- ASSIGNMENT
Starting at the line that contains "Blue – Women’s" and stopping at the line that contains "8月12日上午,西藏自治區(qū)那曲市", transcribe every line of the material below exactly; pictures stay out.

- RECORDS FOR THE EXERCISE
☆ ☆ ☆ ☆ ☆ ☆ ☆

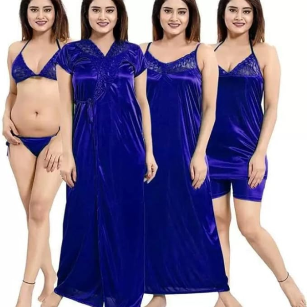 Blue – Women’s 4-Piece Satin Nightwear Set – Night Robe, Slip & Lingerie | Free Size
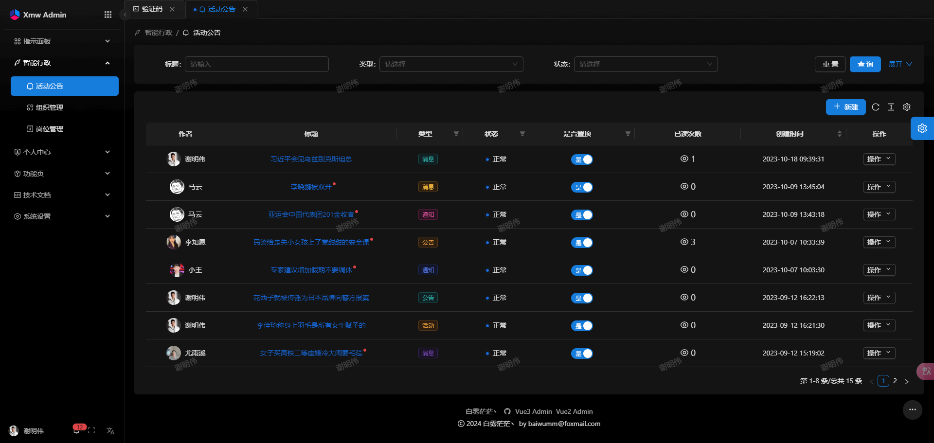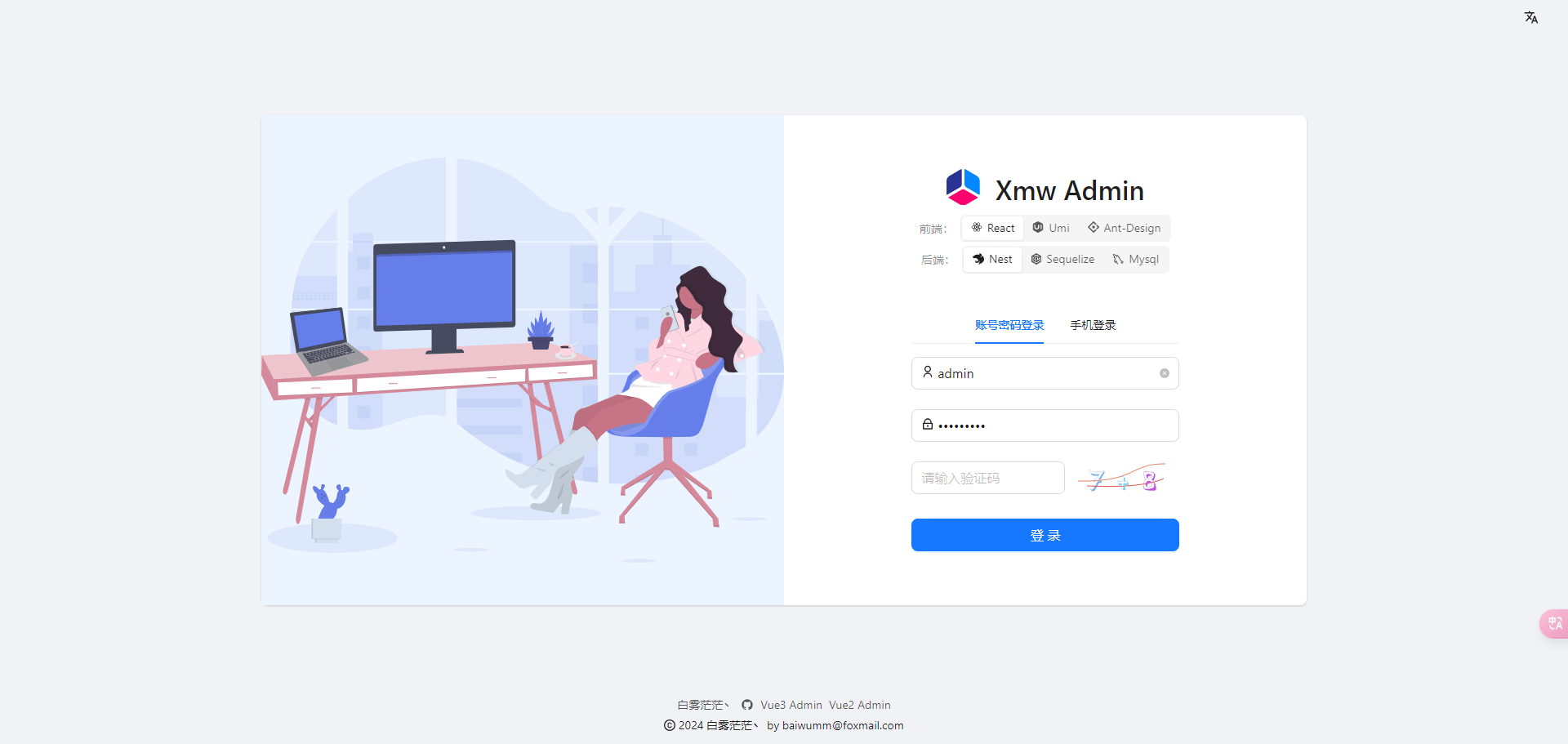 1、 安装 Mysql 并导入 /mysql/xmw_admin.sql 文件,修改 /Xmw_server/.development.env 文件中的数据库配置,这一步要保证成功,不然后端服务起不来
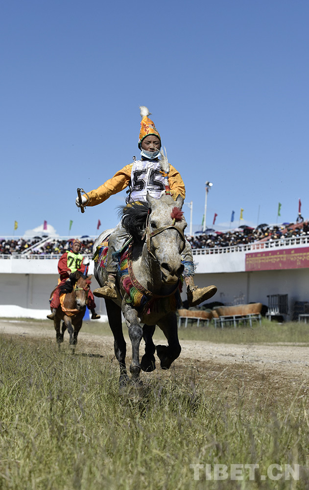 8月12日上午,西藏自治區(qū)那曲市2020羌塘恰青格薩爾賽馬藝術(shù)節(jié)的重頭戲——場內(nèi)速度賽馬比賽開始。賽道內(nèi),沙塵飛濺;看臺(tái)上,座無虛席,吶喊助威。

☆ ☆ ☆ ☆ ☆ ☆ ☆

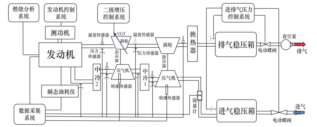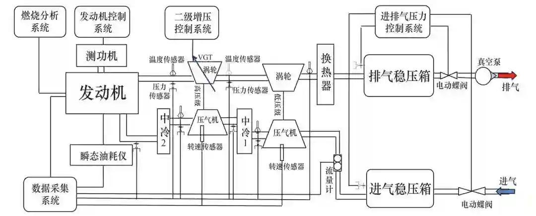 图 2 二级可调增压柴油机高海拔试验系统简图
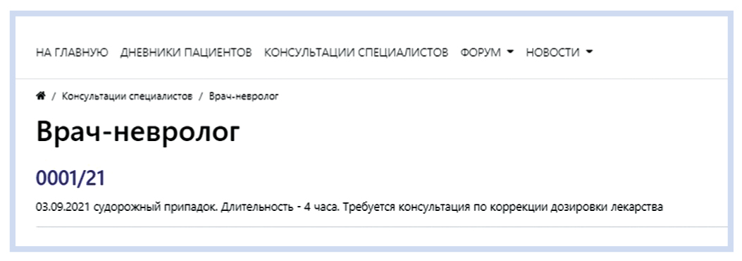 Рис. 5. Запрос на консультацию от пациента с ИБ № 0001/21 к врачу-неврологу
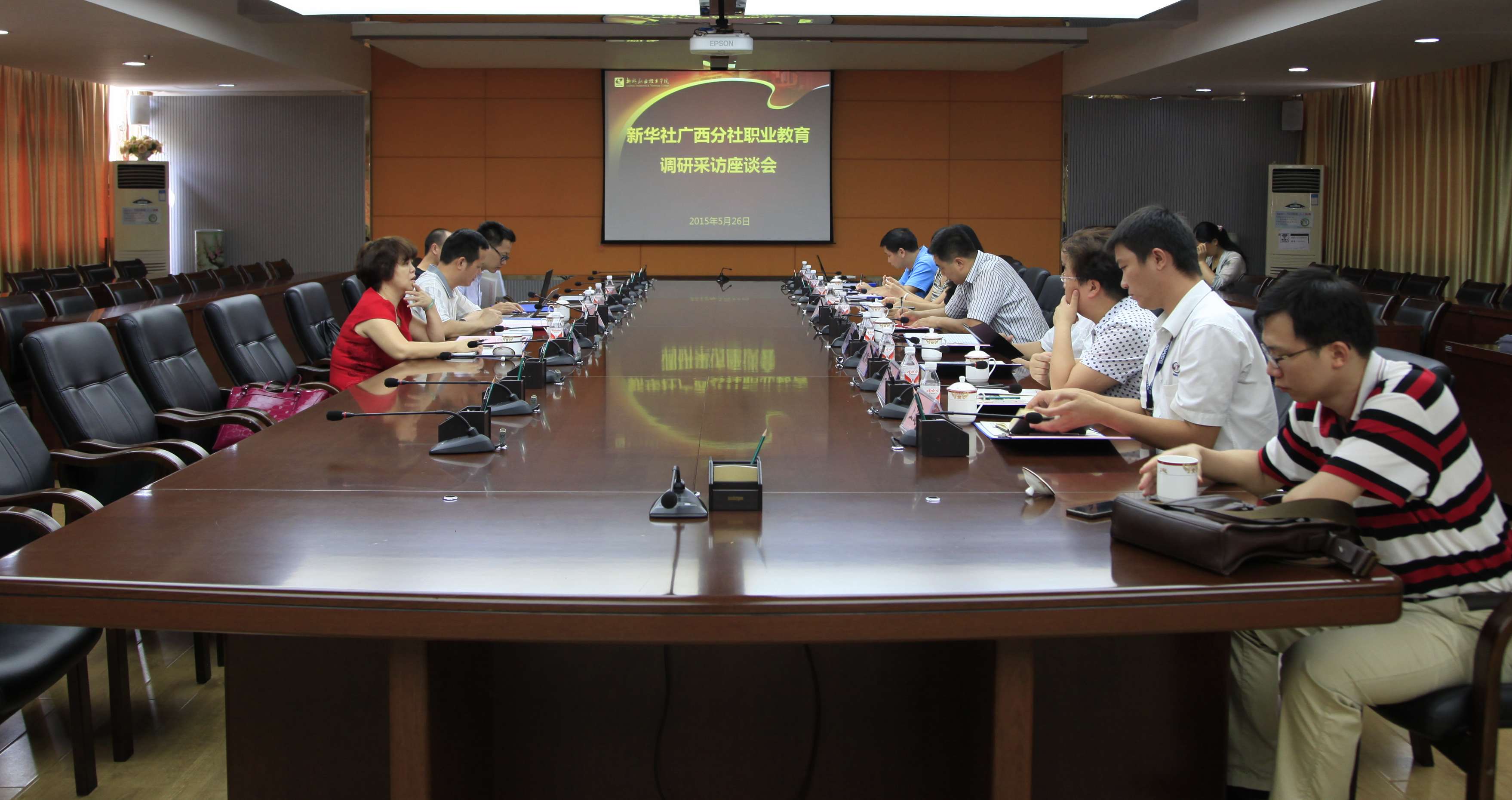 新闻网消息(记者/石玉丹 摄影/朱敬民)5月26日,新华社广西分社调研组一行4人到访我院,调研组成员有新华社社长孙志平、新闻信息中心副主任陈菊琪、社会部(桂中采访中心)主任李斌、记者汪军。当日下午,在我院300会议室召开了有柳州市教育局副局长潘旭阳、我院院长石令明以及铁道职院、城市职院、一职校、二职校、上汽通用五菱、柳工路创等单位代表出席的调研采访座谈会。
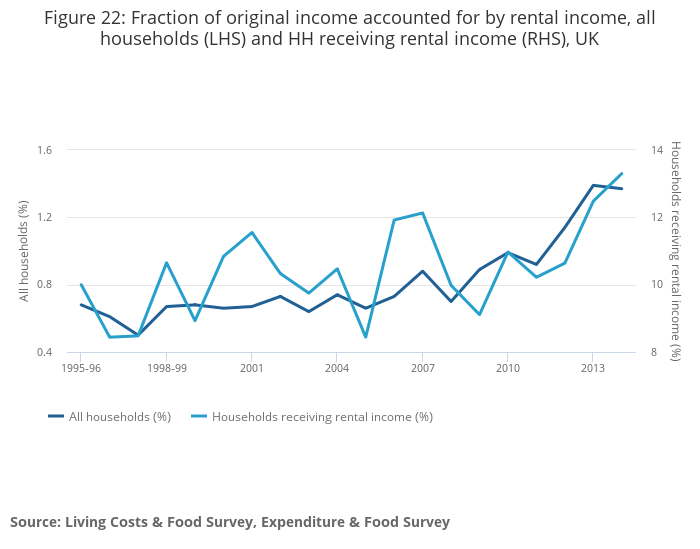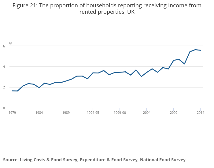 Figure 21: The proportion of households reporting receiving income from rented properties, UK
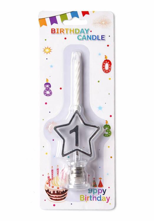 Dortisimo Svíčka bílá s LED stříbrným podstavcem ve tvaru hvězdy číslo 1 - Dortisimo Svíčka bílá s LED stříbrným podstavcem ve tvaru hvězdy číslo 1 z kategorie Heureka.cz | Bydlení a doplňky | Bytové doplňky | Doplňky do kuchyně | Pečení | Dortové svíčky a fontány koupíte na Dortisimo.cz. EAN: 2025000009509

☆ ☆ ☆ ☆ ☆ ☆ ☆

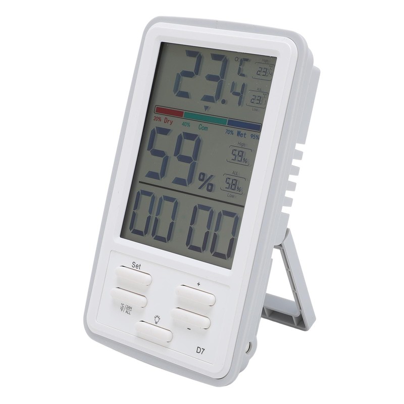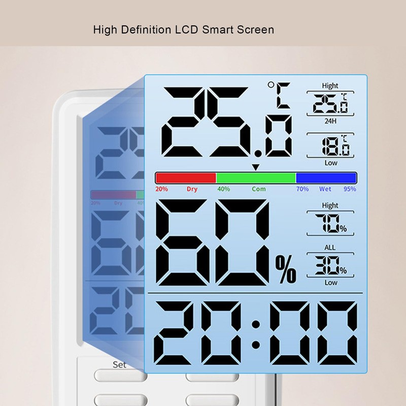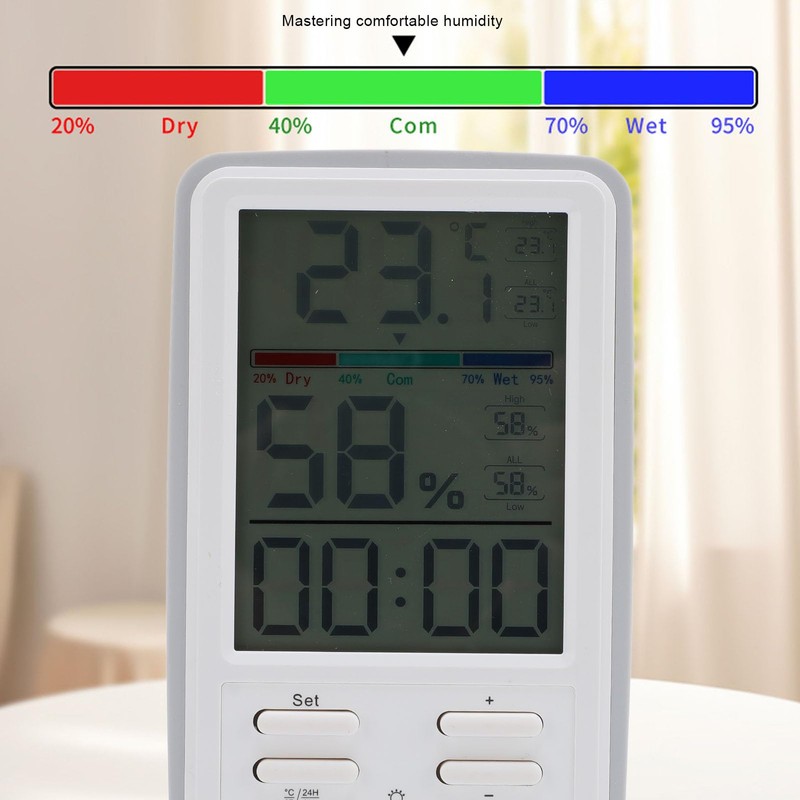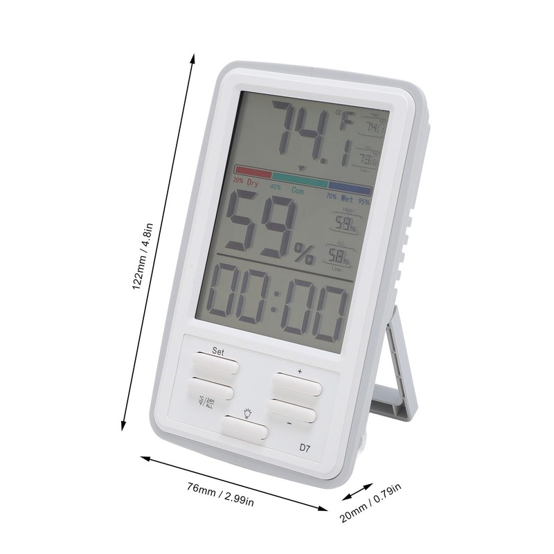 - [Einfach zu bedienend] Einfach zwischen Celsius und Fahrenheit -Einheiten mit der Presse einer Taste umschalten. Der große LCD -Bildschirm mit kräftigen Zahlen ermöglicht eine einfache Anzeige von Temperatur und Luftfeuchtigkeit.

☆ ☆ ☆ ☆ ☆ ☆ ☆

- RESPONSE BELOW
 Blue – Women’s 4-Piece Satin Nightwear Set – Night Robe, Slip & Lingerie | Free Size
 1、 安装 Mysql 并导入 /mysql/xmw_admin.sql 文件,修改 /Xmw_server/.development.env 文件中的数据库配置,这一步要保证成功,不然后端服务起不来
 8月12日上午,西藏自治區(qū)那曲市2020羌塘恰青格薩爾賽馬藝術(shù)節(jié)的重頭戲——場內(nèi)速度賽馬比賽開始。賽道內(nèi),沙塵飛濺;看臺(tái)上,座無虛席,吶喊助威。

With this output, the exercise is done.